| What the task requires |
Beneath this line are entries. Copy the range from the line with "Fabricado en 1983" to the line with "The design for", ends included, exactly; leave pictures out.

====== Given records

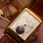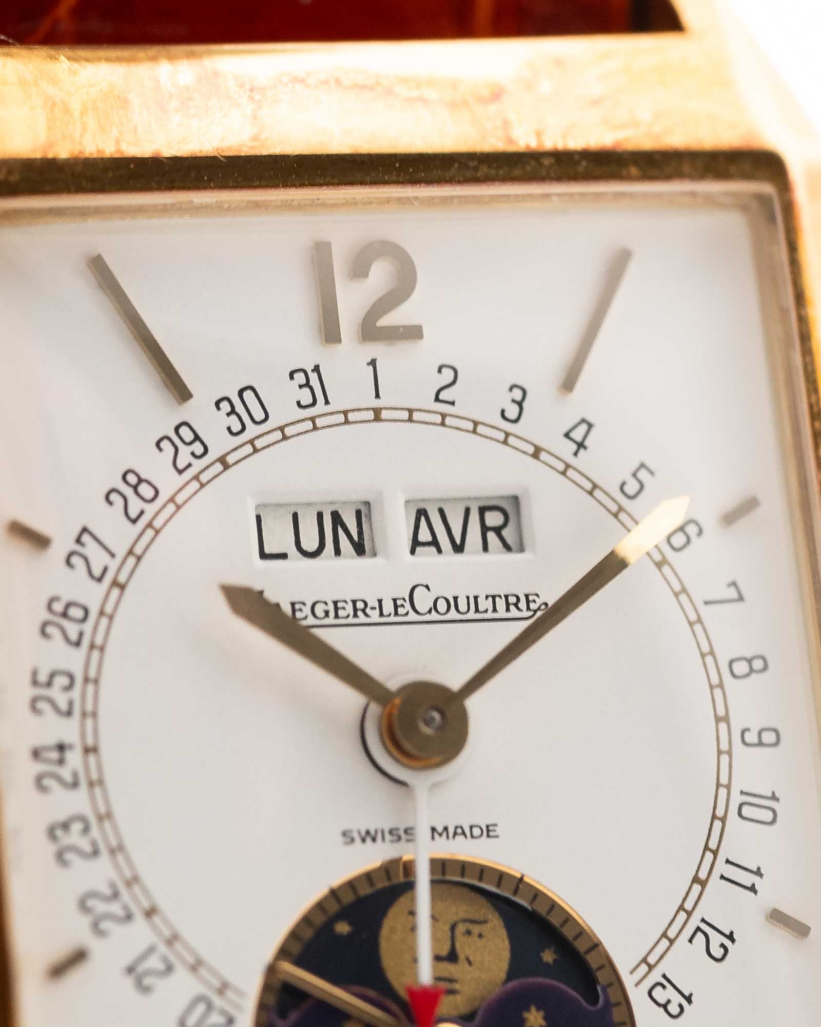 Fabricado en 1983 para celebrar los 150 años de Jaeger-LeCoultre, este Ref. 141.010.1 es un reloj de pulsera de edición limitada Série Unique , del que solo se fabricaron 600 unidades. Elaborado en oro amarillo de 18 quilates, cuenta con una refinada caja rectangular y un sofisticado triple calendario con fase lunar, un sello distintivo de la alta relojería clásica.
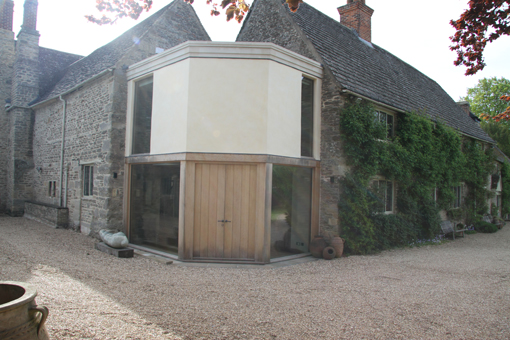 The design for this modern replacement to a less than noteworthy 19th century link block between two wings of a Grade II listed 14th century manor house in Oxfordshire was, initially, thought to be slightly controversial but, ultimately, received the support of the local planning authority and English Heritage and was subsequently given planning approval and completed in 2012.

============
====== Given records

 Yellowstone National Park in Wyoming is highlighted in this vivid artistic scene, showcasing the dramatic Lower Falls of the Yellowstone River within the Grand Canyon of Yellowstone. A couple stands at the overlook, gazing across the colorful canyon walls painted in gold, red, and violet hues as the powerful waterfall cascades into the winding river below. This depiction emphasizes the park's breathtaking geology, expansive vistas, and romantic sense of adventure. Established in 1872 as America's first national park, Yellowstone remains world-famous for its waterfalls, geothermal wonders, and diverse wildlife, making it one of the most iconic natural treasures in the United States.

============

| Your solution |
 Fabricado en 1983 para celebrar los 150 años de Jaeger-LeCoultre, este Ref. 141.010.1 es un reloj de pulsera de edición limitada Série Unique , del que solo se fabricaron 600 unidades. Elaborado en oro amarillo de 18 quilates, cuenta con una refinada caja rectangular y un sofisticado triple calendario con fase lunar, un sello distintivo de la alta relojería clásica.
 The design for this modern replacement to a less than noteworthy 19th century link block between two wings of a Grade II listed 14th century manor house in Oxfordshire was, initially, thought to be slightly controversial but, ultimately, received the support of the local planning authority and English Heritage and was subsequently given planning approval and completed in 2012.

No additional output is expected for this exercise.